7.2.2 Processing data
The output of TP componentization is an object of the componentsTPs
class. This derives from the ‘regular’ components
class, therefore, all the data processing functionality described before (extraction, subsetting, filtering etc) are also valid for TP components.
Several additional filters are available to prioritize the data:
Filter | Remarks |
---|---|
retDirMatch |
If TRUE only keep TPs with an expected chromatographic retention direction compared to the parent. |
minSpecSim , minSpecPrec , minSpecSimBoth |
The minimum spectrum similarity between the parent and TP. Calculated with no, "precursor" and "both" alignment shifting (see spectrum similarity). |
minFragMatches , minNLMatches |
Minimum number of formula fragment/neutral loss matches between parent and TP (discussed in previous section). |
formulas |
A formulas object used to further verify candidate TPs that were generated by the logic algorithm. |
The retDirMatch
filter compares the expected and observed retention time direction of a TP in order to decide if it should be kept. The direction is a value of either -1
(TP elutes before parent), +1
(TP elutes after parent) or 0
(TP elutes very close to the parent or its direction is unknown). The directions are taken from the generated transformation products. For the library
and biotransformer
algorithms the log P values are compared of a TP and its parent. Here, it is assumed that lower log P values result in earlier elution (i.e. typical with reversed phase LC). For the logic
algorithm the retention time direction is taken from the transformation rules table. Note that specifying a large enough value for the minRTDiff
argument to generateComponents
is important to ensure that some tolerance exists while comparing retention time directions of parent and TPs. This filter does nothing if either the observed or expected direction is zero.

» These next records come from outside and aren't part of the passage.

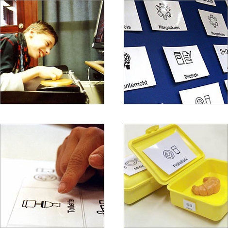 Somit wird ihnen nicht nur eine aktivere Teilhabe am Schulalltag ermöglicht, sondern auch die Möglichkeit zu mehr Selbstbestimmung, mehr Selbständigkeit eröffnet, sowie eine Entwicklung der Persönlichkeit gefördert. Die nichtelektronischen Hilfsmittel sind körpereigene Kommunikationsformen (Gestik, Mimik, Blickrichtung, Geruch, Körpertemperatur, usw.). sowie Gebärden, Piktogramme, Bilder, Fotos und Symbole. Elektronische Kommunikationshilfen reichen von elektrischen oder batteriebetriebenen Spiel- und Küchengeräten, die mit einem Taster und Unterbrecher adaptiert werden können, bis hin zu Computern mit Sprachausgabe.
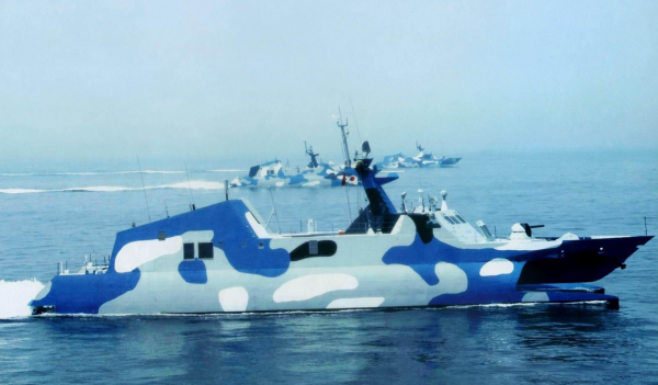 022导弹艇长42.6米、宽12.2米、吃水1.4米,满载排水量220吨,最高航速在50节左右,同样可以搭载12-14人。在装备方面022导弹艇装备一座630型近防炮系统和2座4联装火箭干扰弹发射装置,并且可以搭载8枚射程在180公里的"鹰击"-83反舰导弹,可用来攻击超视距外,以及驱护舰以上等大中型水面舰艇。
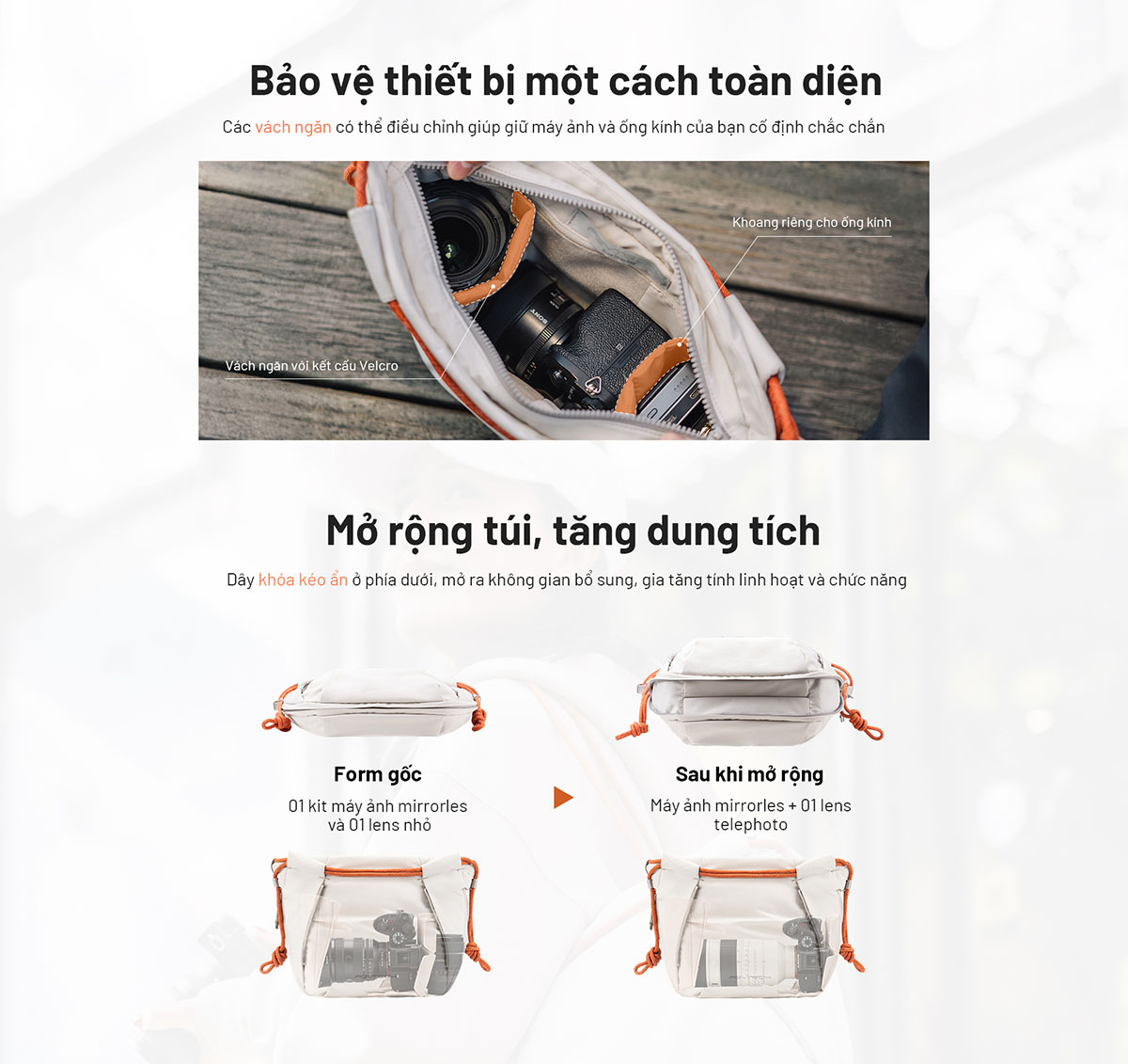 | Tương thích | 1 body + 1 lens 70-200 hoặc 1 mirrorless + 2 small lens |

When TPs data was generated with the logic
algorithm it is recommended to use the formulas
filter. This filter uses formula annotations to verify that (1) a parent feature group contains the elements that are subtracted during the transformation and (2) the TP feature group contains the elements that were added during the transformation. Since the ‘right’ candidate formula is most likely not yet known, this filter looks at all candidates. Therefore, it is recommended to filter the formulas
object, for instance, with the topMost
filter.
Finally, the plotGraph()
method function that was introduced exploring transformation hierarchies for structure TPs, can also incorporate componentization results to simplify the plot and mark TP hits:
7.2.3 Omitting transformation product input
The TPs
argument to generateComponents
can also be omitted. In this case every feature group of fGroupTPs
is considered to be a potential TP for the potential parents specified for fGroups
. An advantage is that the screening workflow is not limited to any known TPs or transformations. However, such a workflow has high demands on prioritiation steps before and after the componentization to rule out the many false positives that may occur.
When no transformation data is supplied it is crucial to make a prior distinction between parent and TP feature groups. Afterwards, the MS/MS spectral and other annotation similarity filters mentioned in the previous section may be a powerful way to further prioritize data.
The fourth example demonstrates such a workflow.
7.2.4 Reporting TP components
The TP components can be reported with the report
function. This is done by setting the components
function argument (i.e. equally to all other component types). The results will be displayed with a customized format that allows easy exploring of each parent with its TPs. In addition, the TPs
argument can be set to include additional data such as transformation pathways.